A system can be technically advanced while producing irresponsible outcomes. It can classify, recommend, generate, rank or predict, but it cannot assume moral responsibility. Responsibility remains with people, institutions and businesses.
This distinction is essential.
UNESCO’s Recommendation on the Ethics of Artificial Intelligence places human rights and human dignity at the centre of AI governance. It stresses principles such as transparency, fairness and human oversight, and warns that AI systems can create or intensify harms if they are not properly governed.
This means that AI should not be adopted only because it is available, fashionable or commercially attractive. It should be adopted only when its purpose, risks, limits and responsibilities are understood.
A wise business must ask:
- What decision is this AI system influencing?
- Who may benefit from it?
- Who may be harmed, excluded or misrepresented?
- Can the outcome be explained?
- Can a person challenge the decision?
- Is there meaningful human oversight?
- Does the system respect privacy, dignity and non-discrimination?
- Does it support sustainable business, or merely accelerate short-term advantage?
These questions are not obstacles to innovation. They are the conditions that allow innovation to be trusted.
ETHICAL AI AS A BUSINESS RESPONSIBILITY
The OECD AI Principles promote trustworthy AI that respects human rights and democratic values. First adopted in 2019 and updated in 2024, they provide values-based principles and practical recommendations for policymakers and AI actors.
The updated OECD framework is particularly important because it connects AI with human-centred values, non-discrimination, equality, privacy, data protection, fairness, social justice, labour rights and the need to address misinformation and disinformation amplified by AI.
This confirms that ethical AI is not a narrow technical topic. It belongs inside the broader responsibility of business.
A company that uses AI to recruit, evaluate, communicate, price, monitor, predict or advise is making decisions that can affect people’s opportunities, rights, trust and dignity. Therefore, AI governance must be integrated into corporate governance, sustainability strategy, risk management and responsible business conduct.
Ethical AI should not be treated as a separate department or a decorative statement. It should become part of how a business understands responsibility.
A company cannot claim to be sustainable if it uses opaque systems that discriminate against workers or customers. It cannot claim to act responsibly if automated decisions cannot be explained or challenged. It cannot claim to support human dignity if technology is used to intensify surveillance, manipulation or exclusion.
Wise business recognises that technological power requires ethical discipline.
THE DANGER OF SPEED WITHOUT JUDGEMENT
One of the strongest temptations in the current AI landscape is speed. Businesses are encouraged to automate faster, produce faster, decide faster and compete faster. Speed can be valuable, especially when it reduces waste, improves safety or helps organisations respond to complexity.

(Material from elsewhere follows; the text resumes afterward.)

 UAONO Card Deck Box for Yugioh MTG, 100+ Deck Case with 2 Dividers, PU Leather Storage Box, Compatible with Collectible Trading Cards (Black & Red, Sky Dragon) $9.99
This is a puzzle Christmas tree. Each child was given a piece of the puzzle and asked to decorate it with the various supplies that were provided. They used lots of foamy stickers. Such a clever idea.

But speed without judgement is dangerous.
Business history shows that not every efficient process is responsible. Not every profitable decision is wise. Not every innovation strengthens society. Some decisions should be slowed down, questioned, reviewed and discussed because they affect human lives, reputations, rights or long-term trust.

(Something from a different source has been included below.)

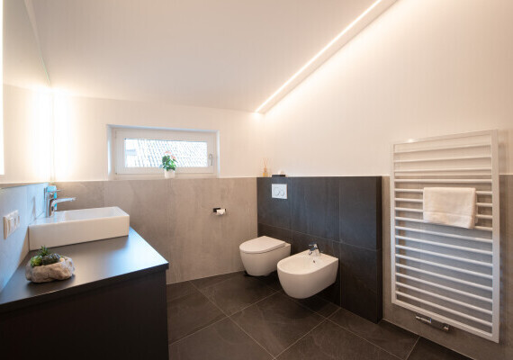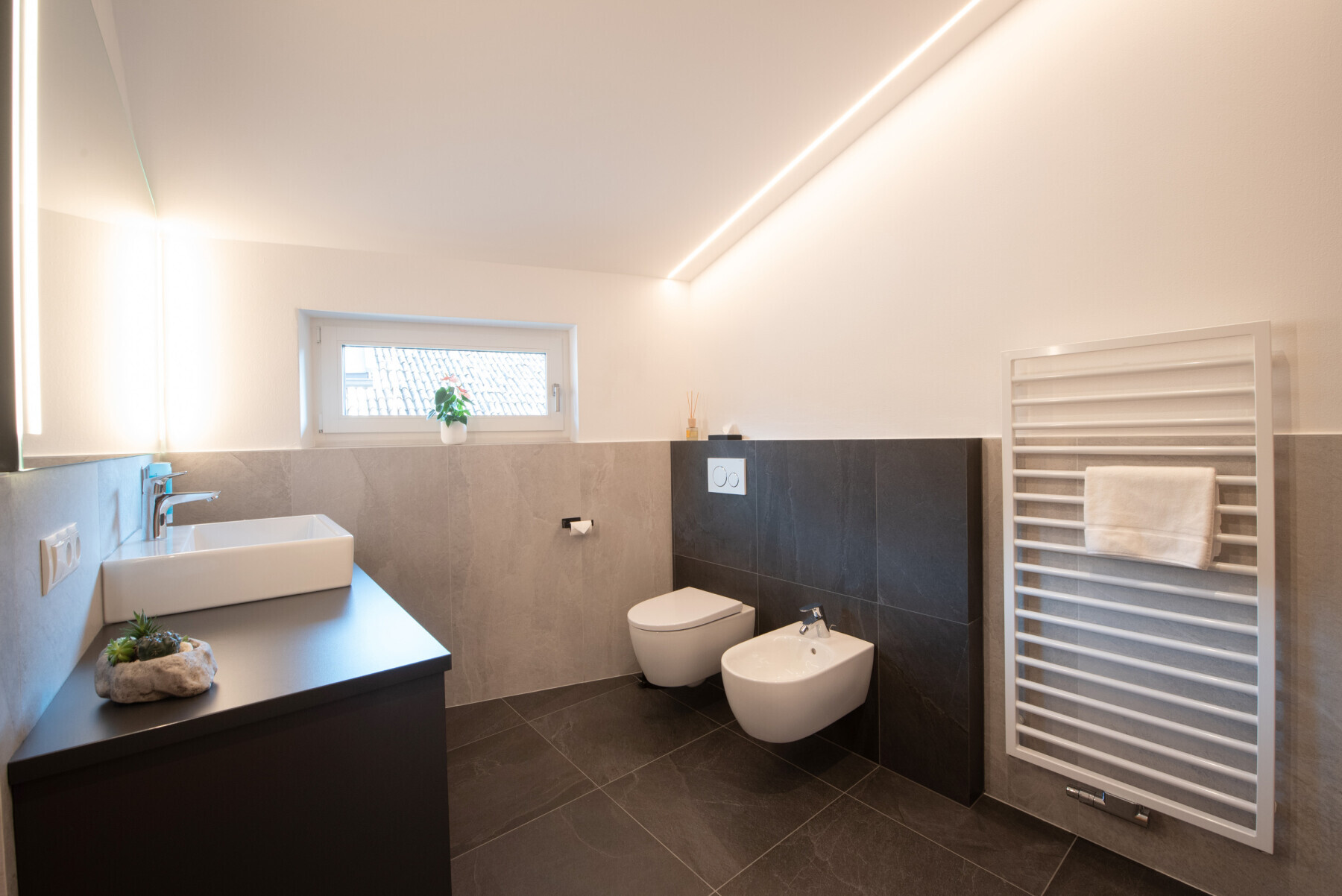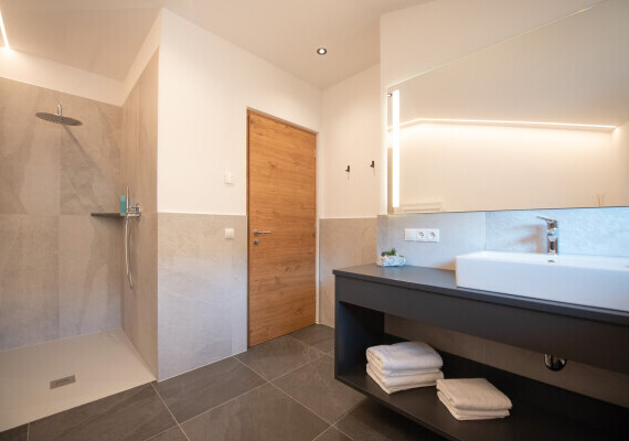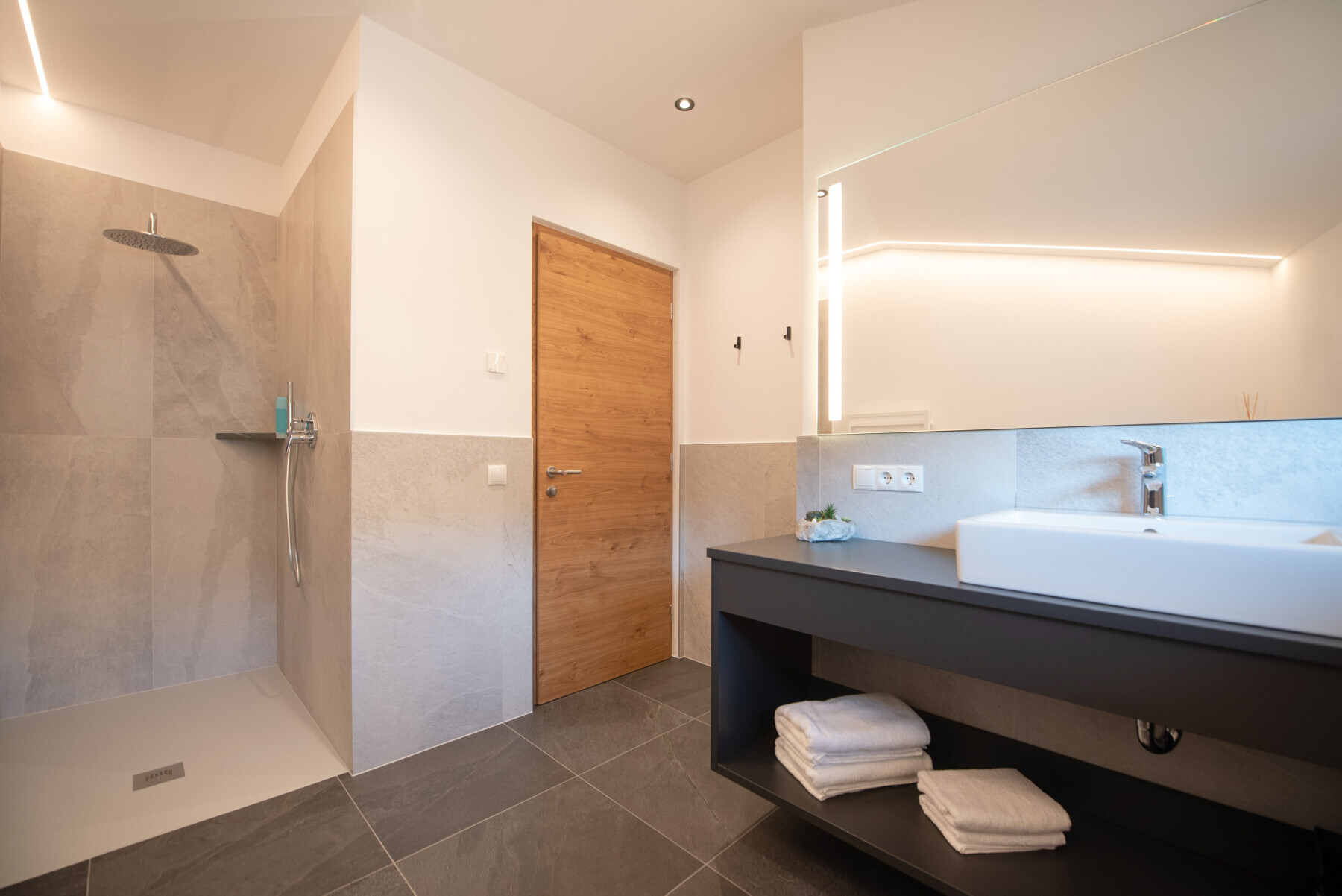 - Badezimmer mit großer Regendusche, WC, Bidet, Waschbecken, Föhn

This is where ethical AI must recover a very old business principle: prudence.
Prudence does not mean fear of innovation. It means the ability to distinguish between what can be done and what should be done. It means understanding consequences before scaling decisions. It means knowing that the cost of a mistake may not be only financial, but human, social and institutional.

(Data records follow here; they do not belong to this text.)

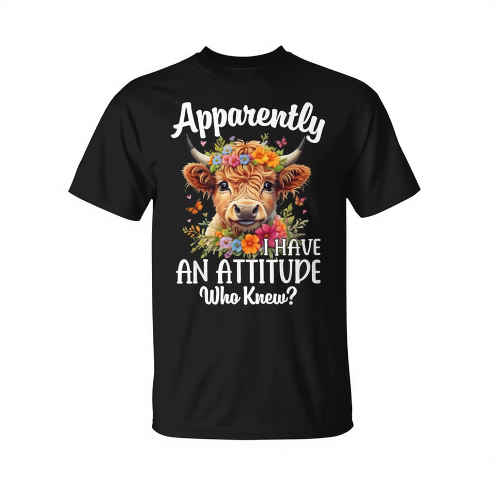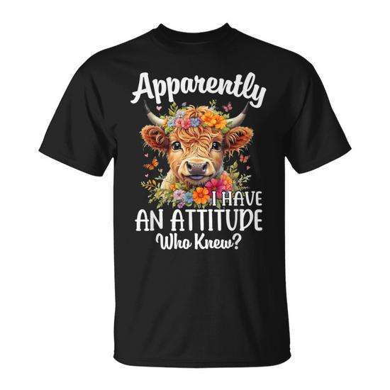 T-shirt con stampa Highland Cow. Apparentemente ho un'attitudine, chi lo sa, design nero, per adulti, unisex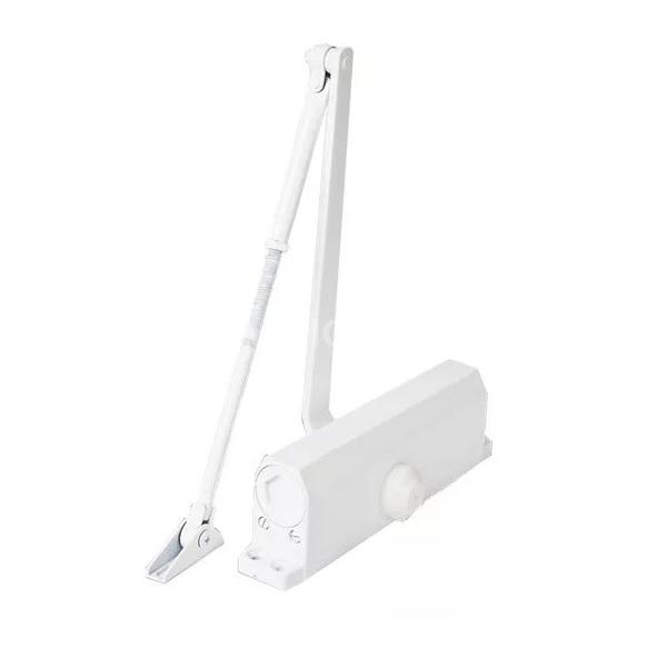 Доводчик дверной для двери весом 85 кг. Ширина дверного полотна не должна превышать 1500 мм. При необходимости доводчик можно устанавливать как на правые, так и на левые двери. Рабочая температура от -40°С до +60°С. Цвет: белый.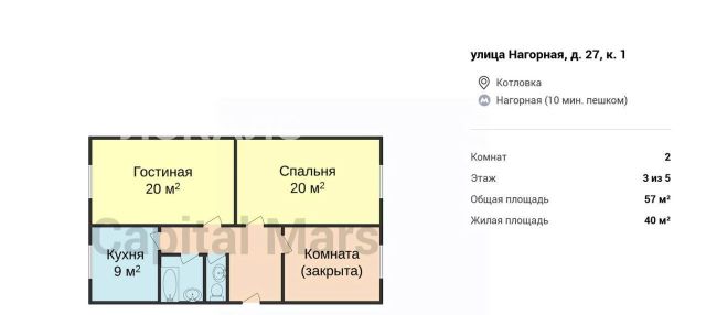 2-к кв. Москва Нагорная ул., 27К1 (57.0 м²)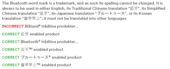 3.· 蓝牙文字商标不可任意修改。你可以用英语和繁体中文(藍牙)、简体中文(蓝牙)、日本(ブルートゥース),或韩语翻译(블루투스)。除此之外蓝牙文字商标不得译为任何其他语言。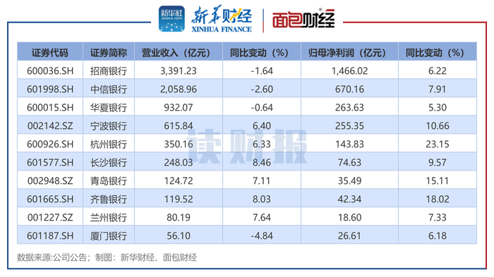 整体来看,10家上市银行归母净利润均实现增长,其中,4家银行实现归母净利润双位数增长。但营收方面,有4家银行的营收同比出现下降,其中厦门银行的降幅相对较高。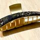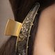 此款“影扇”选用深色系织锦缎,以褐、黑为底,交织低调金线,扇面、植纹与点状纹理层层堆叠,如夜色中展开的静谧风景。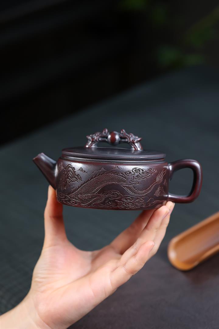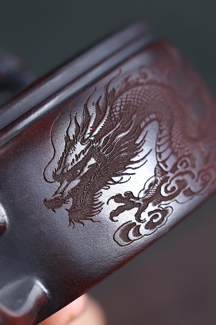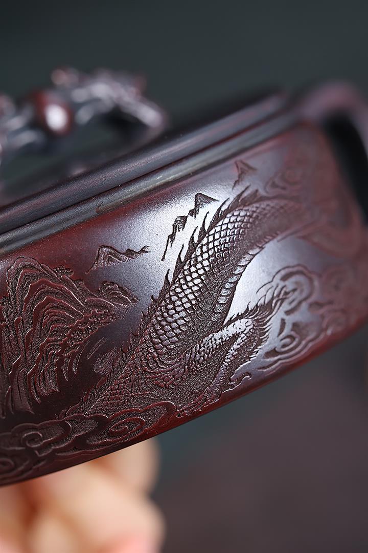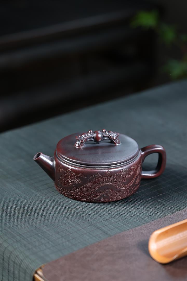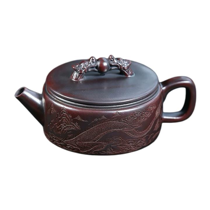 260cc原礦古烏泥雙龍戲珠漢瓦泡茶壺POT10027

AI can support decision-making, but it should not replace responsible judgement. In sensitive contexts –employment, finance, education, healthcare, essential services, public information or conflict-affected environments– human oversight is not optional. It is a condition of legitimacy.
The European Union’s AI Act reflects this movement from broad ethical discussion toward concrete governance obligations. The Act entered into force on 1 August 2024 and establishes a legal framework to address risks from AI, with progressive implementation for prohibited practices, general-purpose AI models and high-risk systems.
The regulatory direction is clear: businesses will increasingly be expected not only to use AI, but to govern it.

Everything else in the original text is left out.